*Assignment*
Could you transcribe exactly the lines below, from the line with "Bürgermeister Gerrit Müller" through the line with "Đặc biệt, Tiến", and nothing else, leaving out the pictures?
════════════════
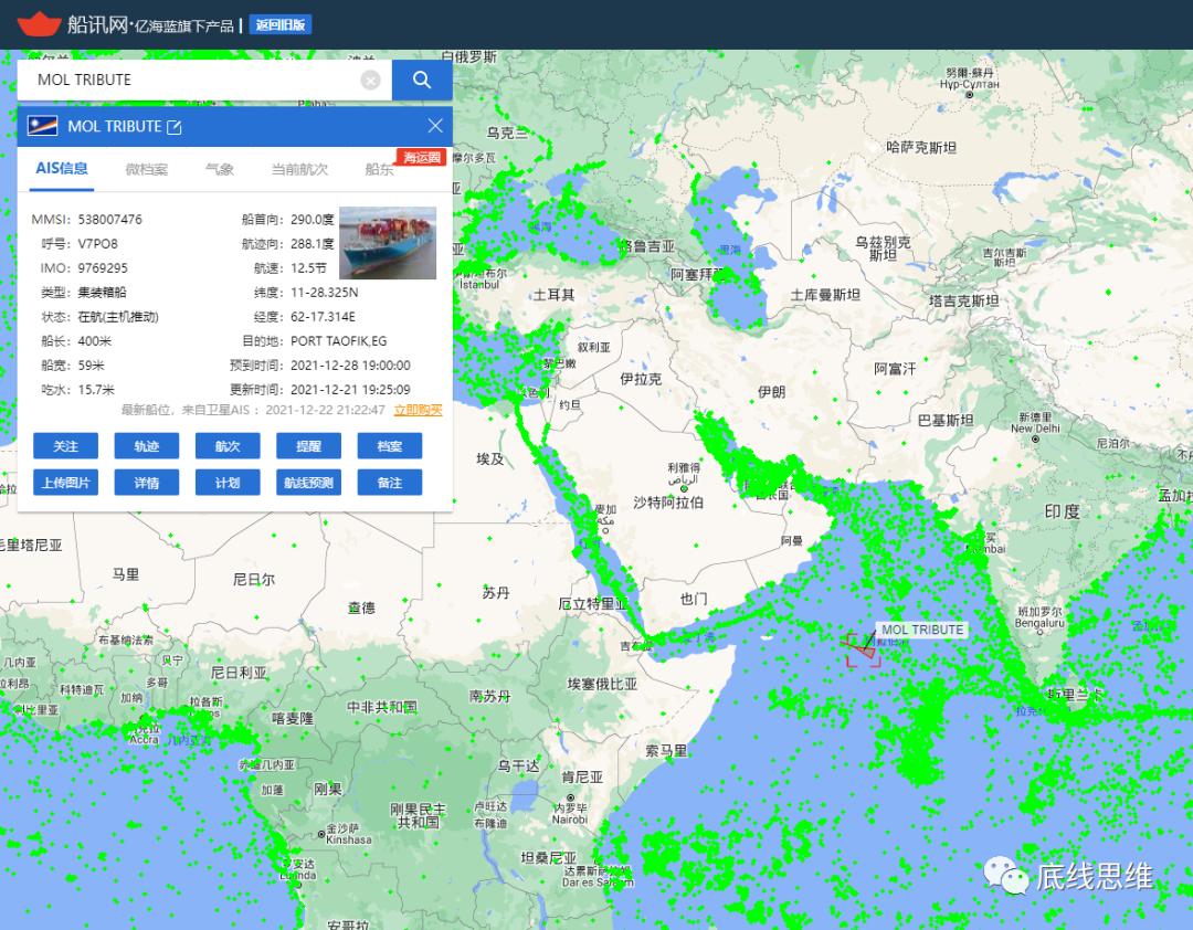 之后再登陆船讯网,查出MOL TRIBUTE的船舶位置,就能了解货物的大概位置。
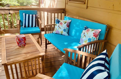 Our cabin is a cozy, light-filled, colorful retreat in the forest where you and your loved ones can relax and rejuvenate while enjoying the beauty (and fun!) of Ellijay. In between river rafting in the summer and apple picking in the fall, we want our guests to return to a functional and beautiful space that is flexible enough to accommodate couples on a romantic getaway, families with children, and friends.
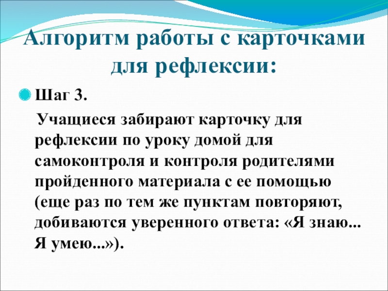 карточку для рефлексии по уроку домой для самоконтроля и контроля родителями пройденного материала с ее помощью (еще раз по тем же пунктам повторяют, добиваются уверенного ответа: «Я знаю... Я умею...»).
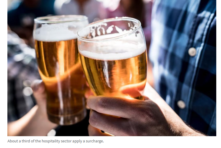 目前约有16%的商家会收取附加费,在餐饮住宿行业这一比例约为三分之一。
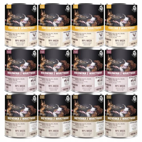 ⭐️ Krojone kawałki mięsa z warzywami dla psów wszystkich ras, serwowane w delikatnym sosie stanowiącym zaproszenie do pysznego posiłku. 90% mięsa i produktów pochodzenia zwierzęcego w kawałku!
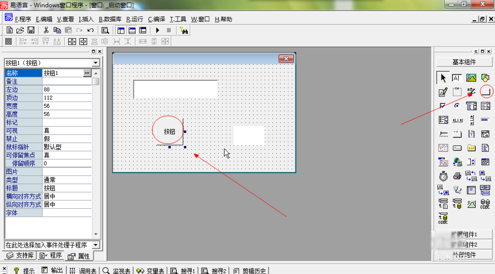 3、添加按钮,双击按钮写代码。
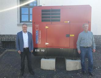 Bürgermeister Gerrit Müller (links) und Büroleiter Konrad Groth am Standort des neuen Notstromaggregats der Verbandsgemeindeverwaltung.
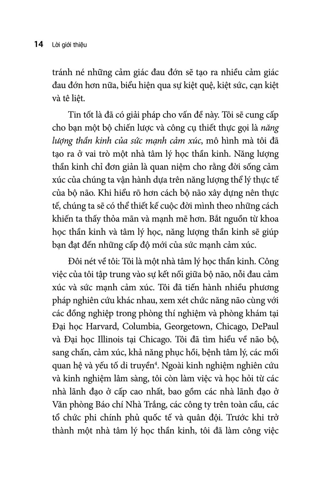 Đặc biệt, Tiến sĩ DiGangi không chỉ mang đến những thông tin đầy thú vị về cảm xúc và não bộ, mà còn chia sẻ những câu chuyện sống động, chân thực từ cuộc sống: từ những thử thách trong công sở, những mâu thuẫn gia đình, cho đến những cú sốc tâm lý sâu sắc, những vết thương hậu chiến tranh. Và mỗi câu chuyện đều mang đến thông điệp: Sức mạnh cảm xúc là khả năng vươn lên ngay cả khi hoàn cảnh cho bạn rất nhiều lý do chính đáng để chùn bước.
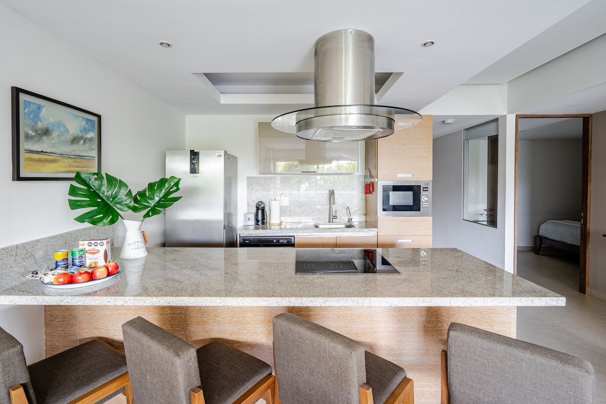 🌊☀️🏖️ Modern beachfront condo in the exclusive GRAND VENETIAN. Designed for total relaxation with stunning Pacific Ocean views and the sound of waves right at your balcony. Location & Lifestyle 📍 Prime Spot: 10 mins from the Airport & Downtown (Malecón). Dining: Steak, Seafood, and Italian restaurants right across the street. Shopping: Steps away from La Isla Shopping Village & Plaza Peninsula (Starbucks, Banks, Boutiques). Groceries: Walk to Chedraui; Costco & La Comer just 2km away.
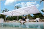 Die praktische Aufstellhilfe erleichtert das Aufrichten des Schirms erheblich.
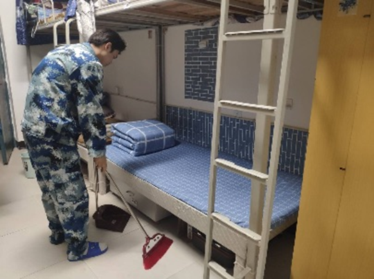 今天开始由各班军训教官对同学们进行蹲下、坐下、起立等基础动作训练,让同学们掌握各动作要领,之后便进行齐步、踏步、立定与跨立等动作训练,教官们细致认真地调整同学们的动作,使其更加规范和美观。但由于天气下雨,下午的训练取消,改为宿舍内务整理,同学们在教官规范的指导下,努力营造出良好的宿舍环境,将宿舍面貌焕然一新。
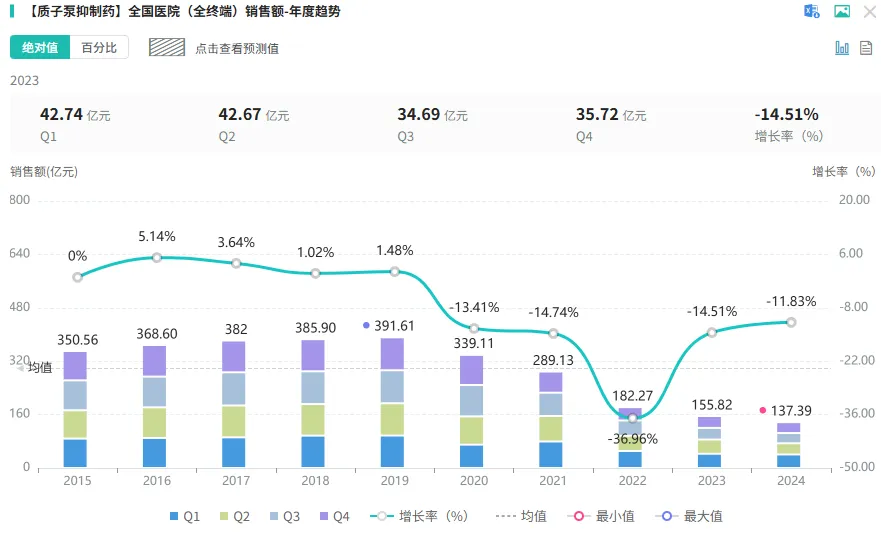 质子泵抑制剂一直以来主导着抑酸药物市场,24年院内市场份额为137.39亿元。目前国内已上市药物包括奥美拉唑、艾司奥美拉唑、泮托拉唑、艾普拉唑、雷贝拉唑、兰索拉唑等。由于用药人群庞大,国内药企纷纷布局。
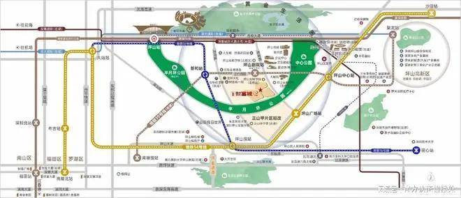 财富城二期位于深圳市坪山区坪山中心区核心地段,作为深圳东部中心的核心承载区,坪山中心区被定位为"深圳都市圈东部CBD",规划建设深圳自然博物馆、坪山体育聚落等市级文化地标,并依托坪山站枢纽打造 "轨道 + 高铁 + 城际" 综合交通体系。
════════════════
*Exercise response*
 Bürgermeister Gerrit Müller (links) und Büroleiter Konrad Groth am Standort des neuen Notstromaggregats der Verbandsgemeindeverwaltung.
 Đặc biệt, Tiến sĩ DiGangi không chỉ mang đến những thông tin đầy thú vị về cảm xúc và não bộ, mà còn chia sẻ những câu chuyện sống động, chân thực từ cuộc sống: từ những thử thách trong công sở, những mâu thuẫn gia đình, cho đến những cú sốc tâm lý sâu sắc, những vết thương hậu chiến tranh. Và mỗi câu chuyện đều mang đến thông điệp: Sức mạnh cảm xúc là khả năng vươn lên ngay cả khi hoàn cảnh cho bạn rất nhiều lý do chính đáng để chùn bước.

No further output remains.